# Digit recognizer using Keras hyperparameter tuner 


### Content:
1. **Introduction**
2. **Preprocess the data**
    * 2.1. Load data
    * 2.2. Prepare data
    * 2.4. Format y_train
    * 2.5. Normalize, reshape and split data
    * 2.6. Draw some digits
3. **Data augmentation**
4. **Hyperparameter tuning**
    * 4.1. Build hypermodel
    * 4.2. Hyperband tuner
    * 4.3. Tuner search
    * 4.4. Best models
5. **Fit the model**
    * 5.1. Summaries of best models
    * 5.2. Select the model
    * 5.3. Callbacks
    * 5.4. Fit the model
6. **Plot and evaluate the results**
7. **Predict**
8. **Tensorboard**


## 1. Introduction 
The indea in this notebook is to improve the "Hello world" of machine learning using [Keras tuner](https://github.com/keras-team/keras-tuner). To save precious time and to speed up and simplify the process of choosing the right hyperparameters of the model, it is possible to use a tuner. Kera's relatively new library is well suited for this. It allows to automatically play through different parameters and at the end - very conveniently - spits out the desired number of best models. These can then be processed in the further course. 

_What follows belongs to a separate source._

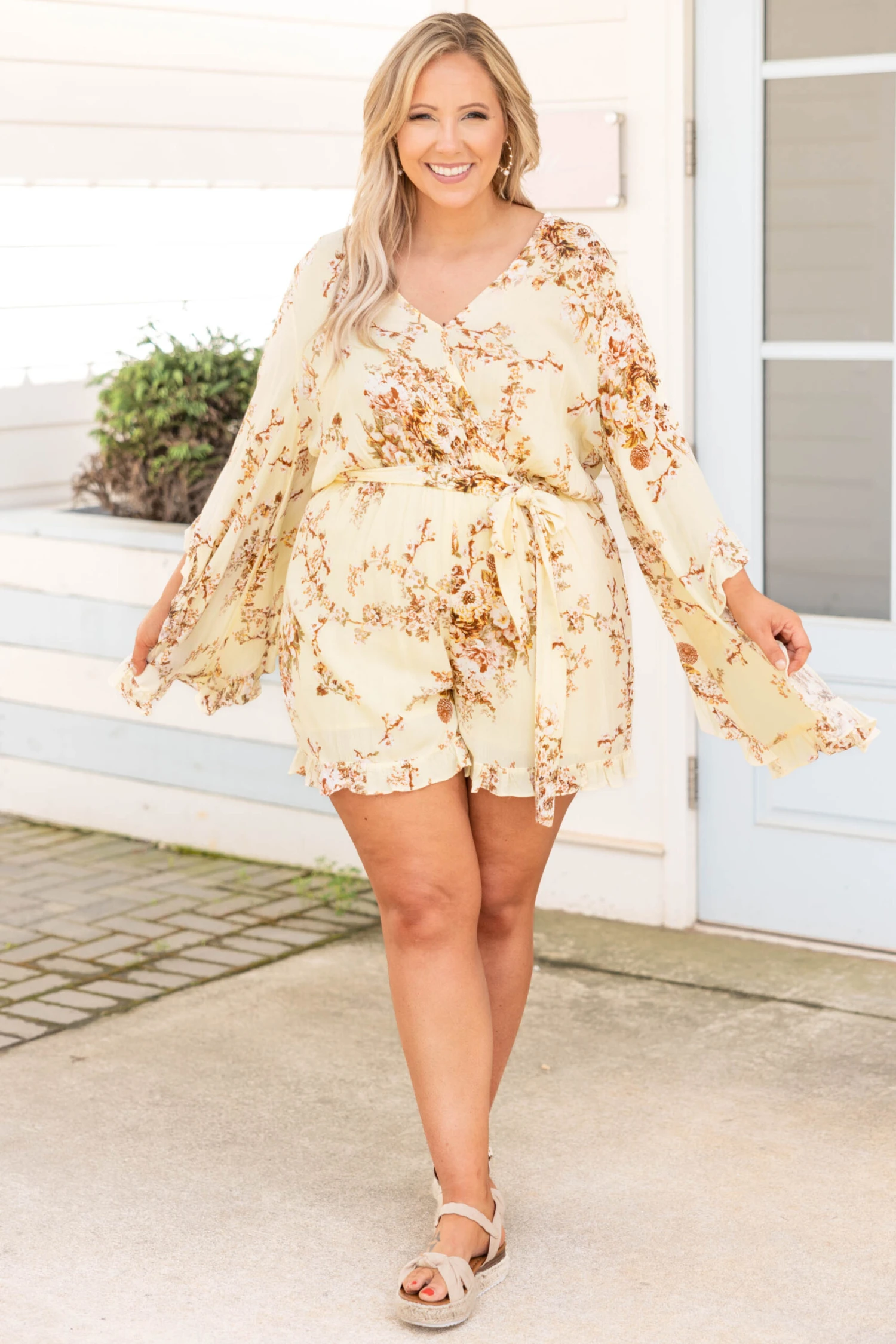This romper was made for creating memories! This romper has a pretty floral pattern with yellow colors you can style for every occasion! It’s comfortable for all-day wear, has a figure-flattering fit, and features the cutest v neckline! Pair this romper with sandals for an effortlessly chic look!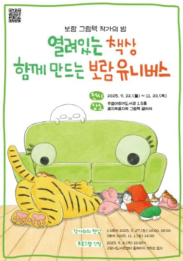 전시와 연계한 작가 도슨트 및 체험 프로그램도 운영할 예정이다. 작가와의 만남 시간에는 그림책을 제작하게 된 계기와 함께 작가의 그림책 세계관을 알아볼 수 있으며, 독후활동 프로그램도 준비돼 있다.

**Hyperparameter tuning is a time consuming process. This also applies to the automated version. So sit back and have a cup of coffee ☕️ and eat a cookie 🍪 - or simply adjust the tuner, epochs, etc. to your needs.**

To get an overview over the result of the fitting check out the [tensorboard](https://www.tensorflow.org/tensorboard/) (link provided in 1.2.).

Install keras tuner

In [None]:
pip install -U keras-tuner

In [None]:
import numpy as np 
import pandas as pd
import tensorflow as tf
from keras.utils.np_utils import to_categorical
from tensorflow.keras import Model
from sklearn.model_selection import train_test_split
from tensorflow.keras.layers import Input, Dense, Conv2D, MaxPooling2D, Flatten, BatchNormalization, Dropout, AveragePooling2D
from tensorflow.keras.preprocessing.image import ImageDataGenerator
from tensorflow.keras.optimizers import RMSprop, Adam
from tensorflow.keras.losses import CategoricalCrossentropy
import matplotlib.pyplot as plt
from tensorflow.keras.callbacks import ReduceLROnPlateau, TensorBoard, EarlyStopping
from kerastuner.tuners import Hyperband
import datetime, os, tensorboard, random, IPython

%matplotlib inline
%load_ext tensorboard

# 2. Preprocess the data
#### The data provided needs to be processed so it suits the model and can easier be proccessed. This contains e.g. reshaping it so it suits the `Conv2D` layer from Keras.

### 2.1. Load data
Load the `train` and the `test` data set using pandas `read_csv` method. 

In [None]:
(X_train, y_train),(X_test, y_test) = tf.keras.datasets.mnist.load_data(path="mnist.npz")

### 2.2. Prepare data
Create `t_train` and drop the label layer from the data set.

In [None]:
print(f'Shape of the raw X_train: {X_train.shape}')

### 2.3. Format y_train
The labels need to be processed from scalars to one-hot vectors. 

In [None]:
y_train = to_categorical(y_train, num_classes=10)
print(f'Shape of the categorised procced y_train: {y_train.shape}')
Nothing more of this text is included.